UNITED STATES DISTRICT COURT SOUTHERN DISTRICT OF NEW YORK
May 21, 1957
Don C. OVERSTREET, Plaintiff,
CANADIAN PACIFIC AIRLINES, Defendant
The opinion of the court was delivered by: DIMOCK
This is a motion to dismiss the complaint upon the following grounds: (1) that the law of New York would not countenance the maintenance of this suit in the New York courts and that the Federal Court should follow this doctrine under Erie R. Co. v. Tompkins, 304 U.S. 64, 58 S. Ct. 817, 82 L. Ed. 1188, (2) that the maintenance of this suit would place an unreasonable burden upon commerce with foreign nations in violation of Article I, Section 8, Clause 3 of the Constitution, (3) forum non conveniens, (4) that the service of the summons should be set aside on the ground that it does not comply with the requirements of Section 229 of the New York Civil Practice Act.
As I am clear that the maintenance of this action would place an unreasonable burden upon commerce with foreign nations in violation of Article I, Section 8, Clause 3 of the Constitution it is unnecessary to consider any of the other points.
The action is one to recover damages for personal injuries alleged to have been sustained on one of defendant's airplanes in Yukon Territory, Canada. Plaintiff is a non-resident and defendant is a Canadian corporation not authorized to do business within the State of New York. Defendant operates no flights to or from points in the continental United States but does operate flights from Canada to Alaska and to Hawaii. Defendant maintains an office in New York for the purpose of soliciting freight and passenger business and sells passenger tickets over its lines in combination with air carriers operating to and from points in the United States. The money for these tickets is collected within the State of New York.
While there is authority for the proposition that an action brought in the federal courts under the diversity jurisdiction cannot under any circumstances be dismissed as an unreasonable burden on commerce, Wadell v. Green Textile Associates, D.C.D.Mass., 92 F.Supp. 738, Judge Medina in Jablonski v. Southern Pac. Co., D.C.S.D.N.Y., 76 F.Supp. 1022, dismissed, upon that ground, an action in the District Court brought by a non-resident upon a foreign tort against a foreign corporation engaged in interstate commerce and I see no reason for departing from his decision.
The question remains whether in order to apply the analogy of the Jablonski case it can be said that defendant is engaged in commerce with foreign nations within the meaning of the Constitution.

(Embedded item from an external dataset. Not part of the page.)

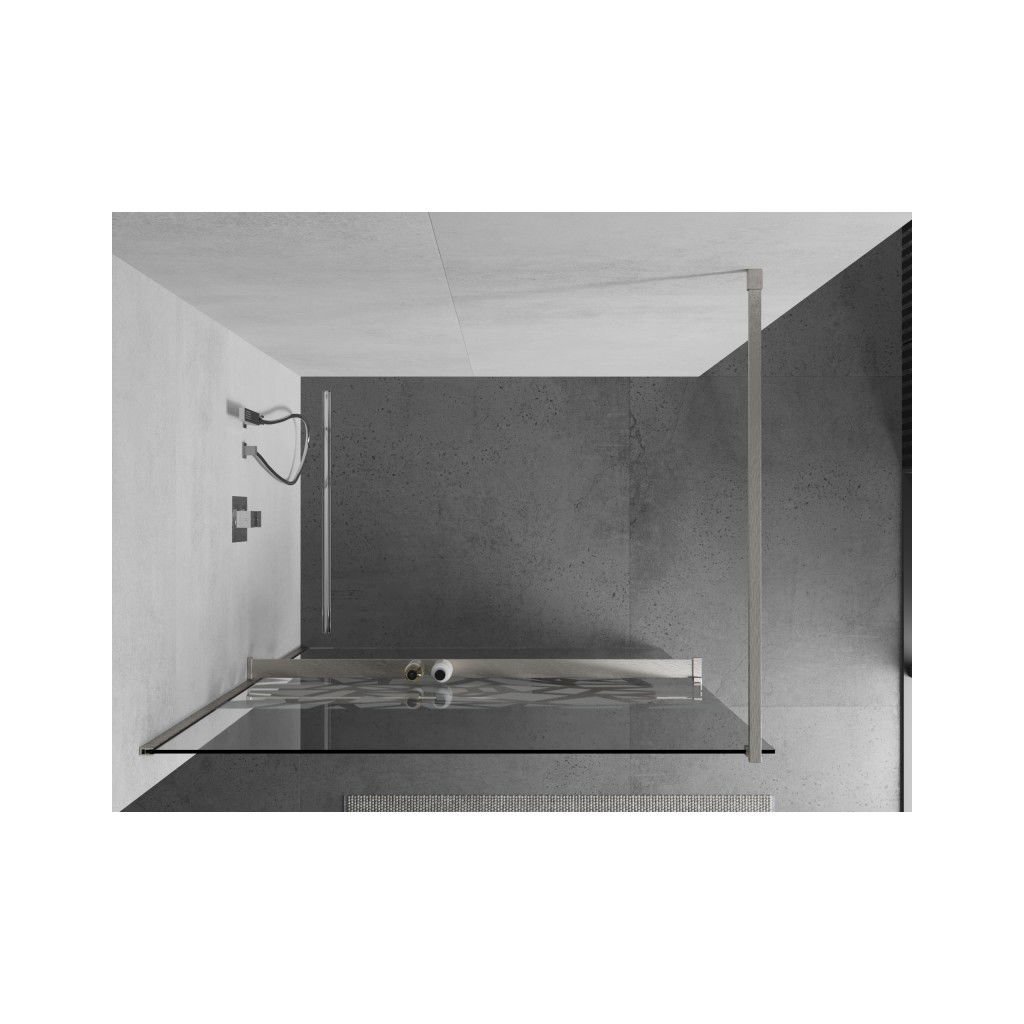 Mexen Kioto+, sprchová zástěna Walk-In s poličkou a věšákem 120 x 200 cm, 8mm čiré sklo bílý vzor, broušená ocel profil, 800-120-121-97-85

As above stated, it operates no flights to or from points in the continental United States but it does operate flights between Canadian points on the one hand and Alaskan and Hawaiian points on the other. Is commerce between a territory and foreign nations protected as would be commerce between a state and foreign nations? The answer is supplied by the case of Inter-Island Steam Nav. Co. v. Territory of Hawaii, 9 Cir., 96 F.2d 412, affirmed 305 U.S. 306, 59 S. Ct. 202, 83 L. Ed. 189 and the answer is in the affirmative.
On the authority of that case and the Jablonski case I hold that this action must be dismissed as an unreasonable burden on commerce with foreign nations.
The case is to be distinguished from Shulman v. Compagnie General Transatlantique, D.C., 152 F.Supp. 833. In that case, the defendant French Railways was not engaged in any commerce between the United States and foreign nations by means of its railroad lines. Hence I held that its railroad commerce was not protected from burdens by the commerce clause. Here defendant is engaged in commerce with foreign nations and that commerce is entitled to protection from burdens under the commerce clause.
It may be said that the burden is here insubstantial since the effect of bringing witnesses away from their work in the Yukon territory to New York would not interfere with service between Canada and Alaska or Hawaii. I think, however, that defendant's operations must be regarded as integrated and that I should not speculate upon the ability of defendant to replace its employees at the scene of the accident without drawing upon employees from its neighboring Alaska run or even from its Hawaiian run.
The motion to dismiss is therefore granted on the ground that maintenance of the action would constitute an unreasonable burden upon commerce with foreign nations.